Second: it creates connotation-patterns. Connotations bleed over; this is the point of ideographs. If a columnist in America calls bacon jerky racist, if a columnist in the USSR calls bacon jerky capitalist, if a columnist in Nazi Germany calls bacon jerky artfremd, what the columnist intends is to bleed over the negative connotation of racist, capitalist, or artfremd onto the both the term and the referent bacon jerky, causing it to take on a negative connotation in the mind of the reader. (I have a bag of bacon jerky on my desk. It’s actually good. This still surprises me.) If a book is labeled with a trigger warning for racism, cissexism, or ableism—possibly if a book is labeled with any trigger warning at all—the negative connotations of the trigger warning will bleed over and associate themselves with the book. And if books that do not conform with progressive ideals come to take on more negative connotations than books that do, that will strengthen progressivism.

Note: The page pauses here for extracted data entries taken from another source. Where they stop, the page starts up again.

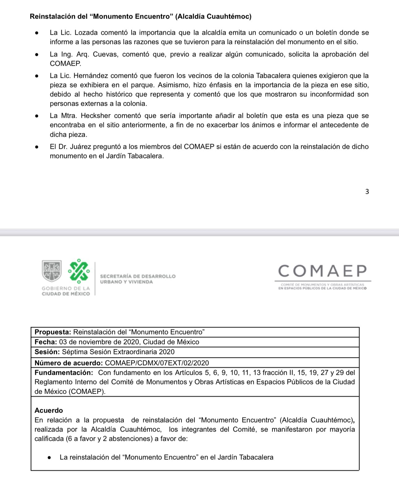 El 3 de noviembre de 2020, en sesión extraordinaria, el Comité de Monumentos y Obras Artísticas en Espacios Públicos de la Ciudad de México (COMAEP) autorizó oficialmente la instalación de dichas esculturas. El proyecto fue impulsado por organizaciones de amistad con Cuba, con respaldo institucional y conforme a los procedimientos que marca la normatividad local. Es decir, nada clandestino, nada improvisado.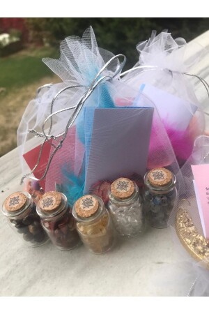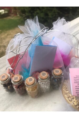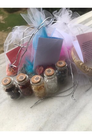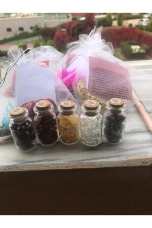 5 temel doğalı şifalı taş şişesinden oluşmaktadır . 1) Nazar negatif enerjiden koruma-(kaplangözü) 2) başarı- (dimotriot) 3) vazgeçilmezlik (kırmızı jasper) 4) para (Sitrin) ve 5) (beyaz kristal) gençlik güzellik bağışıklılık sistemi güçlendirmeye yardımcı doğal taş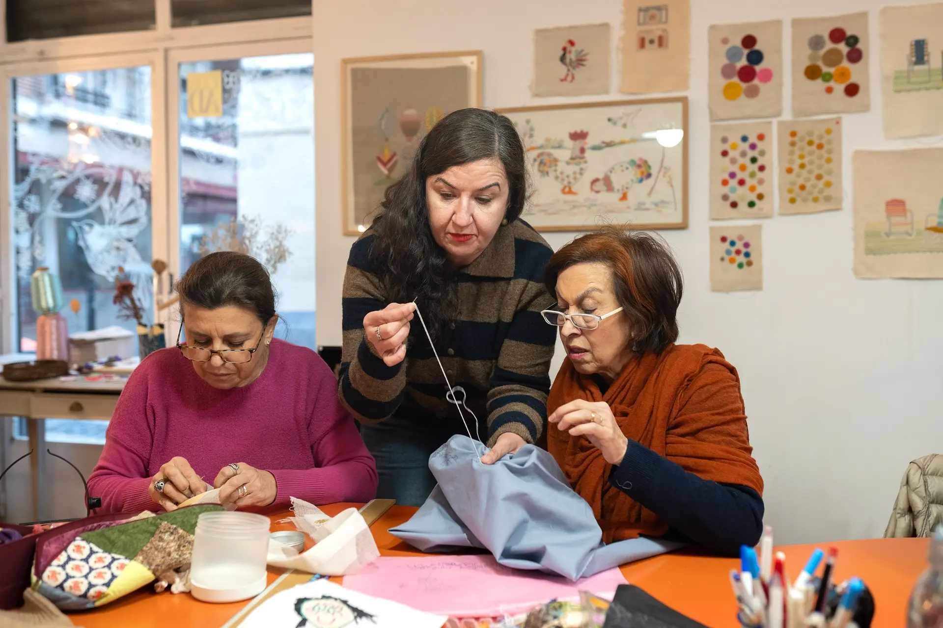 Fuera diluvia, pero dentro de este taller de bordado ubicado en la calle Santa Ana de Madrid, en el centro de la ciudad, funciona eso que las mujeres que están sentadas a la mesa llaman «el calor humano». Por si acaso, una estufa eleva también la temperatura para contribuir al calor hogareño de este lugar donde cada cual se entretiene con lo suyo. En un lateral, una de las alumnas plasma sobre la tela un dibujo que hizo su hija cuando era pequeña; frente a ella, una compañera se esmera para lograr la forma de un árbol y la silueta de unos pájaros; algo más allá, otra trabaja en una pieza para una novia cercana. Todas están enfrascadas en algo.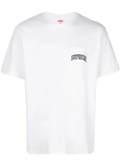 The collaboration between '47 Brand, Supreme, and the Oakland Raiders continued with this clean white T-shirt. Supreme honored the Raiders and the team's historical relevance in both the worlds of sports and pop culture during its Spring/Summer 2019 season. Featured on the pocket of the short sleeve tee is Supreme branding done up in black and silver Raiders colors. Positioned centrally on the back of the T-shirt is a large Raiders pirate logo, so everyone knows what team you rep.

Third: it amplifies preëxisting connotation-patterns. Consider Whig history: “In the past everything was bad and scary and everyone was dumb. Old things are bad and scary, and old people are dumb. As time goes on, everything gets less bad and scary, and everyone gets smarter. You should not take things from the past seriously, because the past was worse, scarier, and dumber than the present.” Progressivism is recent, and our society has drifted to the left over time; so the aforementioned connotation-patterns play into and amplify this one.